Ti lascia andar via senza fronzoli: mica le dispiace che tu vada, ha del lavoro
da fare fin da stasera, e non le importa se ti ritrovi a chiederti in quale
quadro manierista hai visto quel focolare col cagnolino bretone bianco, nero e
fulvo. Fatti tuoi: Villacamilla ti riceve con piacere, eleganza, con buone e
affettuose maniere, ma ha i campi e le vigne e i boschi e gli animali da
accudire.
Villacamilla non l'ho conosciuta. Ci vorrebbe un tempo che non
ho. Villacamilla però l’ho incontrata,
come quando sul treno – dove sto scrivendo adesso – incontri una persona, e ci
parli tre minuti, e ti sembra stranamente di sapere tanto di lei, ti sembra di
intuirla, e ci ripensi la sera, e il giorno dopo, e ti rimane poi sempre un punto
luminoso di bellezza all’altezza del cuore. E una nostalgia per qualcosa che ti
chiama dal futuro.
Ho incontrato Villacamilla parecchio tempo prima di leggerne sul blog. La prima volta fu almeno 6 anni fa, durante il primo commosso incontro con Sara, essa apparve di sfuggita nelle sue parole. Poi negli anni sono venuto ad incontrarla più volte.

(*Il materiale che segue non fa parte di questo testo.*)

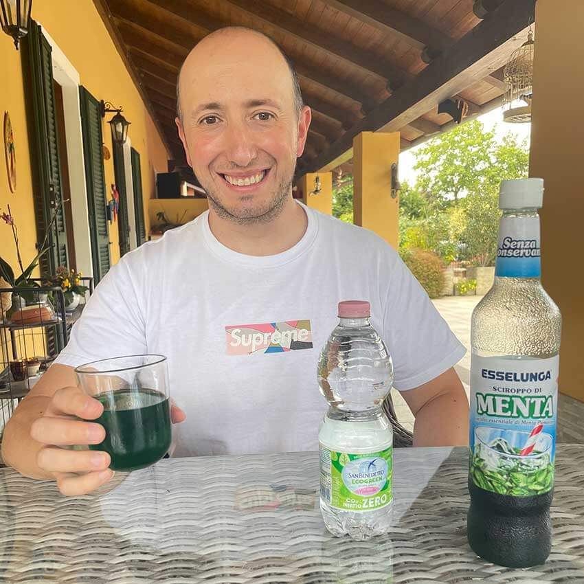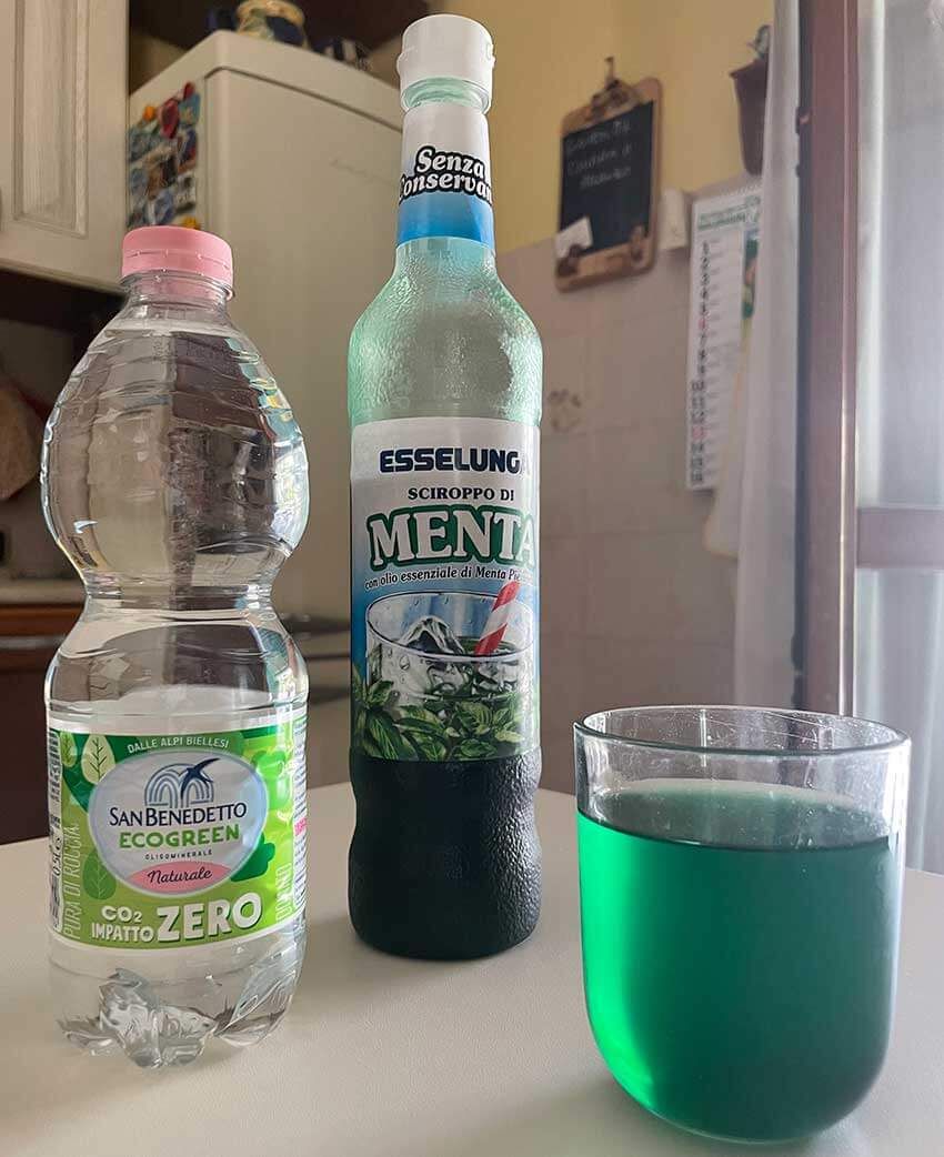 Acqua e Menta):水とミントシロップを混ぜたシンプルな飲み物だけど、これがイタリアの家庭やバールで意外と人気がある。清涼感があって暑い日にぴったり。
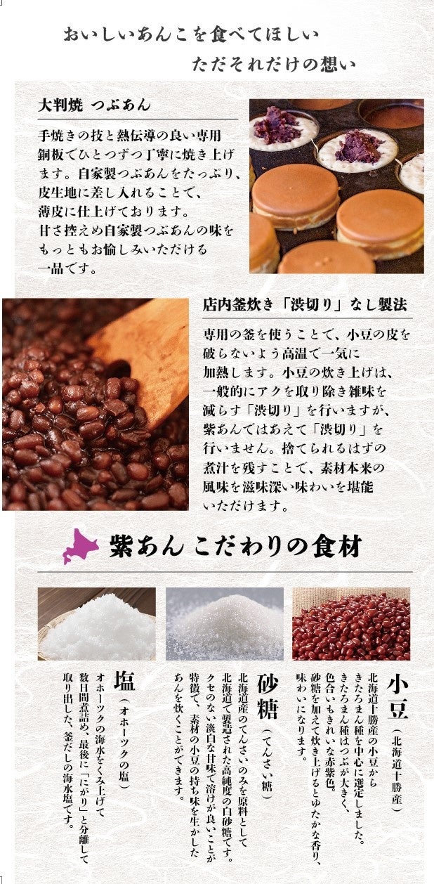 『紫あん』の“つぶあん”は十勝産小豆に北海道産てんさい糖と少量のオホーツクの塩を使用し保存料は一切使わず、さらに一般的にはアクを取り除くために行う「渋切り」をあえて行わないことで、素材本来の風味と滋味深い味わいをご堪能いただけます。甘さ控えめな“つぶあん”は、毎日店内で炊き上げ、消費期限を短縮することで実現いたしました。この上品な自然の甘さのつぶあんをたっぷり入れ、専用銅板で1つ1つ丁寧に焼き上げた大判焼と店内で作る手包みのおはぎ、そして自家製つぶあんをそのまま凍らせたアイスバーなど自慢の商品をお届けいたします。
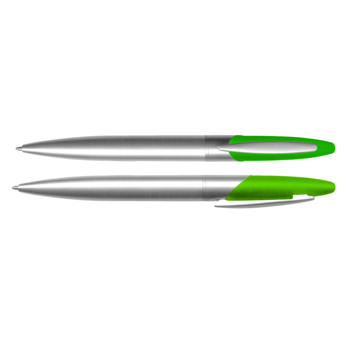 Bolígrafo Metálico modelo "Twister", con superficie superior engomada color. Escritura negra.

RispondiEliminaHo il ricordo del mio primogenito S. che corre a piedi scalzi nel prato, con l’erba appena tagliata, la foto campeggia sul mobile della sala, e quando qualche giorno fa l’ha rivista mi ha chiesto: “Quando ci torniamo papà?” . Ricordo con tenerezza l’incontro tra Silvia mia moglie in attesa del mio secondogenito D. con Sara inconsapevole che C. aveva già preso casa nel suo ventre, un annuncio avremmo scoperto poi che sapeva di visitazione. Infine ho voluto fortemente celebrare qui l’anima dell’impresa che guiderà le mie scelte future.
Eppure,
le parole di questo blog mi hanno restituito questa villa, la sua castellana e i suoi abitanti, trasformati di meraviglia, donandomi una consapevolezza nuova e più profonda del valore di questo incontro.
Il ragazzo con turbante e mazzo di fiori di Sweerts che fa da angelo ispiratore a questo blog, mi ha offerto i profumi, i colori e la tenerezza dei fiori colti nel proprio giardino interiore, volto ad oriente, irrigato dalla commozione e illuminato dalla meraviglia.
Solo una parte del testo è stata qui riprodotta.